While it seems clear that compliance is required going forward, since the Supreme Court found that the relevant DOMA section was always invalid, there may be retroactive claims from employees who were denied benefits in the past or are currently receiving other forms of payment. For example, defined benefit plans are not required to provide pre-retirement or post-retirement death benefits for unmarried participants, so, for example, same-sex widows or widowers might now claim that they should receive retroactive lump sums or survivor annuities.
We do not yet know whether retroactive compliance will be required, or, if it is, how far back to go. We hope that guidance applicable to private employer plans will be issued soon. A memorandum has already been issued by the U.S. Office of Personnel Management giving employees and annuitants under federal government plans 60 days from June 26 (the date of the Supreme Court decision) to make immediate changes to their health plan enrollment and giving all retirees in same-sex marriages two years from June 26 to elect any changes to their federal retirement benefit based on marital status.
There seems to be no clear requirement at this time for private employers to permit employees already in pay status to change the form of payment of their pensions as federal employees will be permitted to do. This, in fact, could be viewed as prohibited under regulations on required minimum distributions. For this kind of retroactive change, a wait-and-see-approach would be the most appropriate at this time.
There does, however, appear to be a clear opportunity to claim refunds of taxes improperly paid in the past. Employees who were taxed on their cafeteria and flexible benefit plan participation may file for refunds, so employers could be required to issue corrected forms W-2. Employers may also wish to file for refunds of FICA paid based on same-sex spouse participation in such plans.
The Canadian Experience
Same-sex marriage all across Canada has been recognized for eight years now and legislation started being amended several years before that to recognize same-sex partnerships, including pension standards legislation. In the wake of the recent U.S. Supreme Court case, Canadian companies with U.S. operations will need to turn their minds to these issues once again.

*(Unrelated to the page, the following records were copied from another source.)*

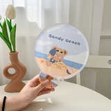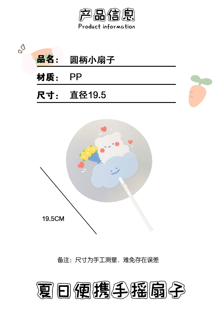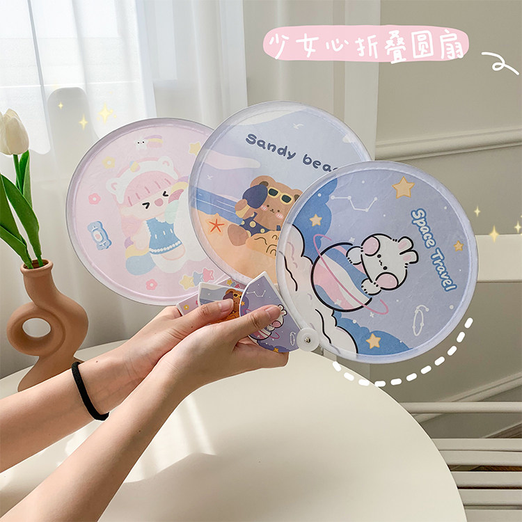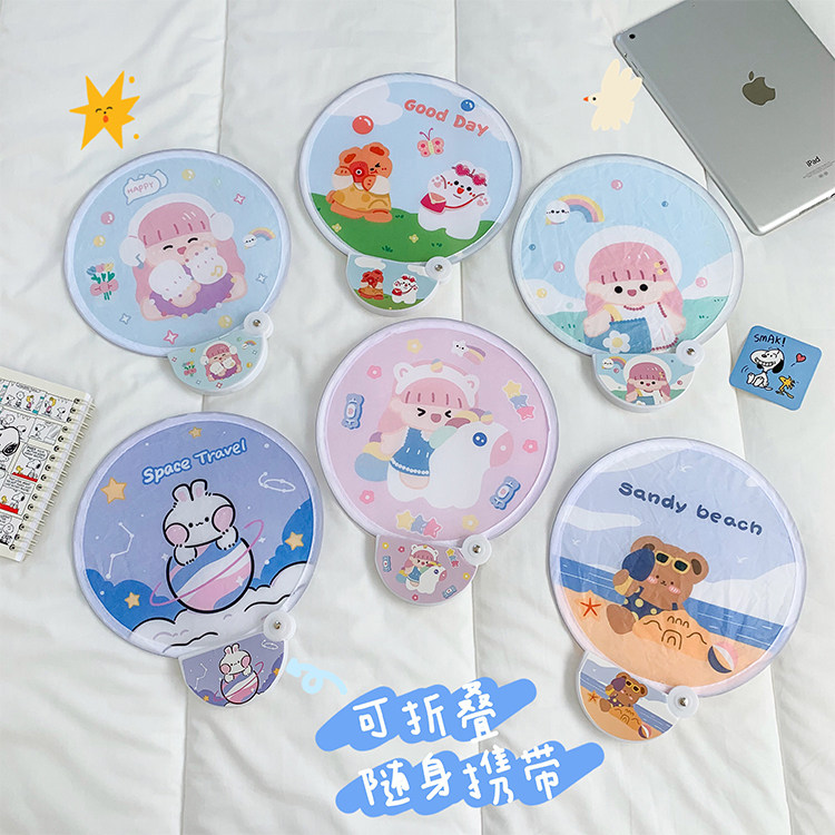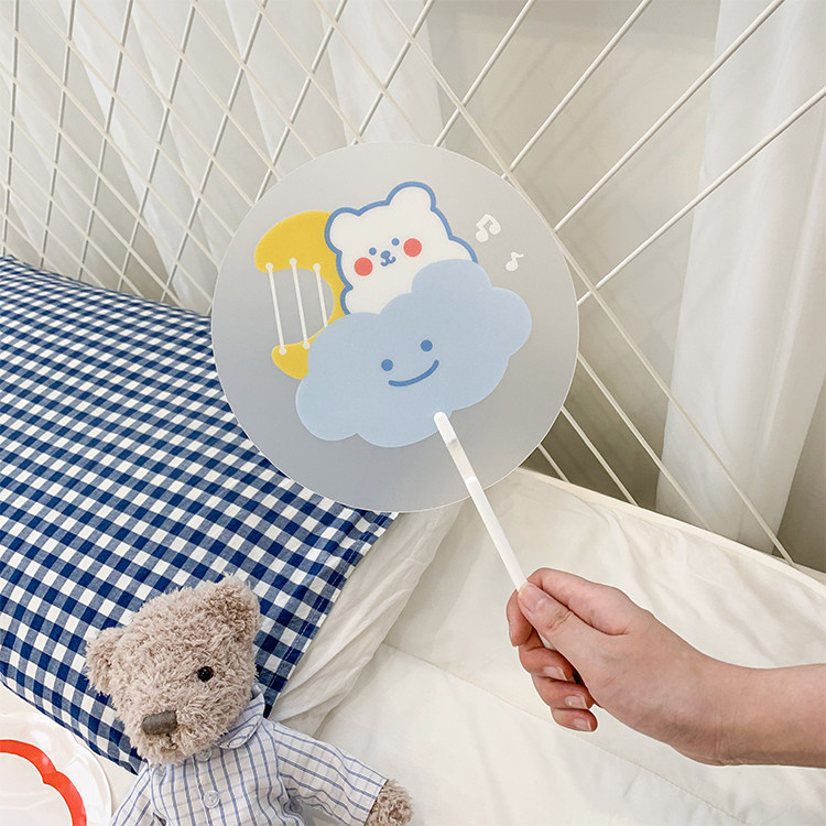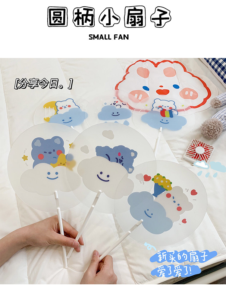 Мультфильм медведь ручной вентилятор ins творческий милый студент портативный прозрачный PVC рука держа круглый вентилятор лето длинный хвостовик вентилятор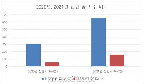 실제로 취업포털 캐치에 올라온 2020년 상반기 인턴 공고와 2021년 상반기 인턴 공고를 비교해보니 지난해 상반기에 올라온 인턴 공고가 306개였다면, 올해 같은 기간 올라온 인턴 공고는 651개로 두 배 이상 늘어난 것을 확인할 수 있었다. 특히 채용형 인턴을 뽑는 공고 수는 작년 56개에서 올해 160개 정도로 늘어나 대폭 증가했다. 이는 지난해 초반에 코로나19 사태로 채용 자체가 감소했던 것을 감안하더라도 큰 수치로 증가한 것이다.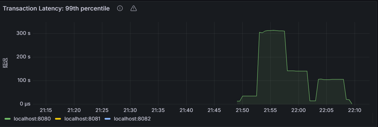 在节点视图中,该时间序列图展示指定节点在一分钟内事务延迟的 99th 百分位数,即在观察时间内,99% 的事务延迟低于或等于这个值。在集群视图中,该时间序列图展示集群中所有节点在一分钟内事务延迟的 99th 百分位数,即在观察时间内,99% 的节点的事务延迟低于或等于这个值。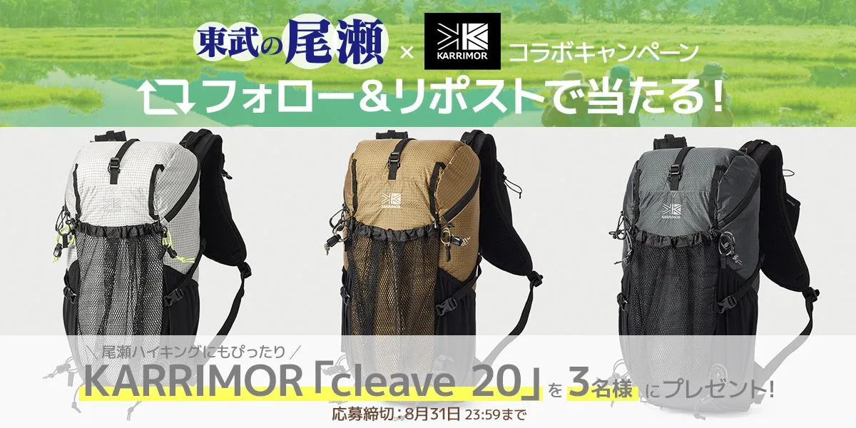 このコラボキャンペーンでは、KARRIMORが提供するアウトドア商品を使用しながら、尾瀬のハイキングを楽しむことができます。さらに、キャンペーンに参加することで、リュックサック「cleave 20」が当たるチャンスも!

If the Canadian experience is any indication, we would expect further litigation over effective dates and implementation. For example, the 2007 decision of the Supreme Court of Canada in Canada (Attorney General) v. Hislop considered the constitutionality of the federal legislative response to its 1999 decision striking down the restrictive definition of “spouse” in the Family Law Act (Ontario). In Hislop, certain Canada Pension Plan restrictions on same-sex survivor benefits were found to be unconstitutional. Nevertheless, the Court did not grant full retroactivity of benefits to 1985, when section 15(1) (the equality rights section) of the Charter of Rights and Freedoms came into effect.

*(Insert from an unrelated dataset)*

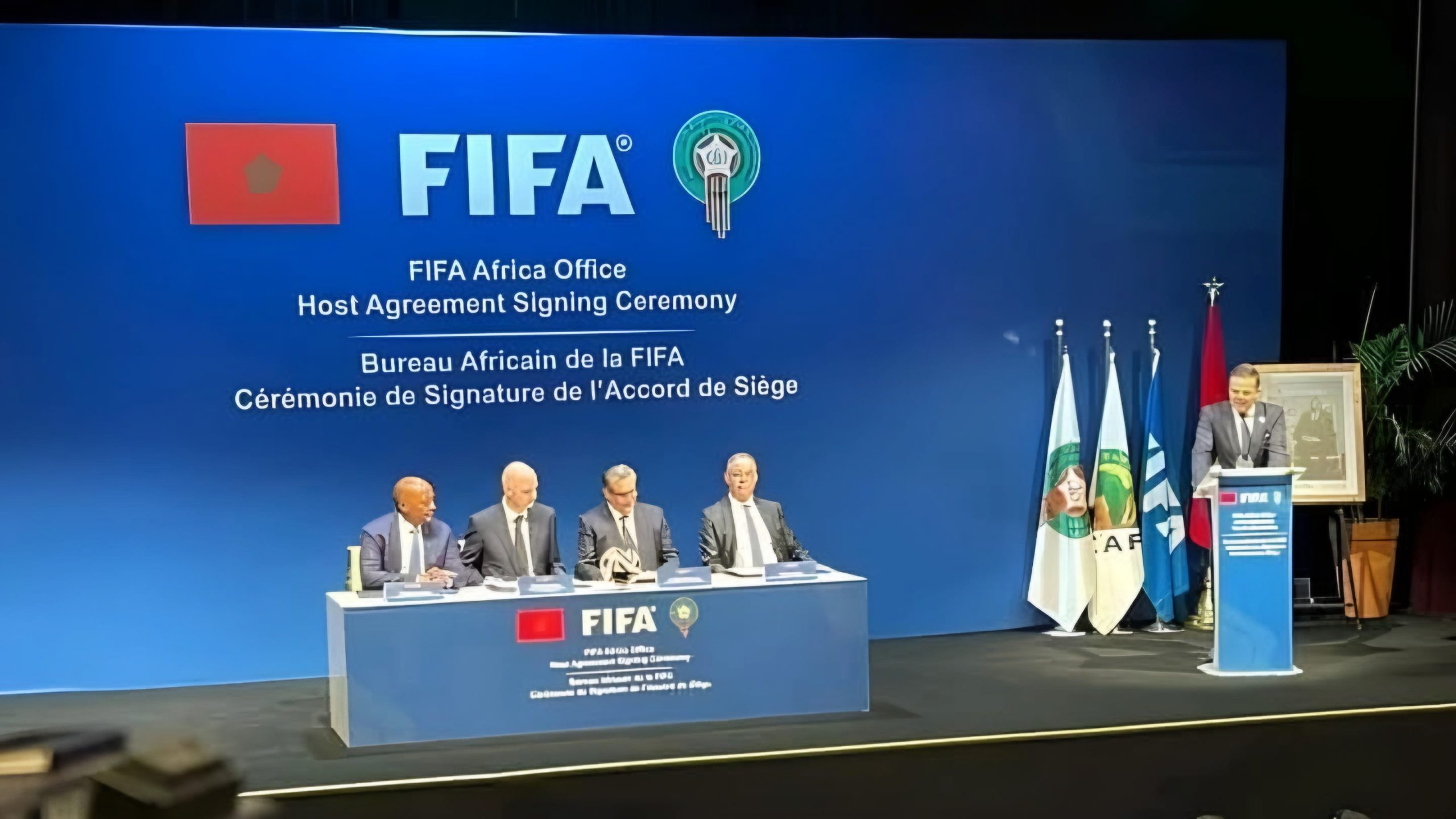 مراسم التوقيع حضرها كل من رئيس الحكومة المغربية عزيز أخنوش، ورئيس الاتحاد المغربي لكرة القدم فوزي لقجع، إلى جانب رئيس الفيفا جياني إنفانتينو، ورئيس الكونفدرالية الأفريقية لكرة القدم باتريس موتسيبي.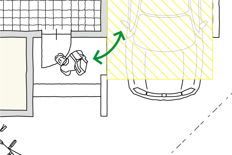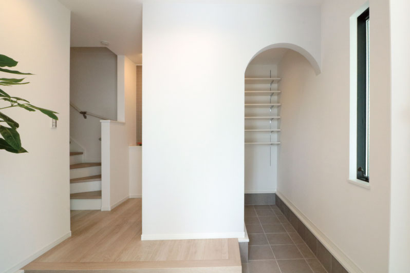 雨が降っても濡れずに車からお家へ移動できるガレージと玄関。たくさんお買い物をしても出入りがしやすいよう、広めにつくりました。

Given the number of open questions and the speed with which the federal government is moving to change its own benefits, compliance guidance for private employers is sorely needed. A threshold issue of major importance is whether to look at the law of the state in which the couple lives or the state or country in which the marriage was performed to determine whether a same-sex marriage is valid. Another threshold issue is when conforming amendments will be required to be adopted. Plan sponsors need to keep abreast of all new authority in this area.
Compliance Action Plan
Plan sponsors also need to coordinate with their legal counsel regarding plan document changes and with their recordkeepers, administrators and payroll providers to correctly implement the compliance practices that they adopt. Finally, they will also need to clearly communicate with employees to notify them of plan changes.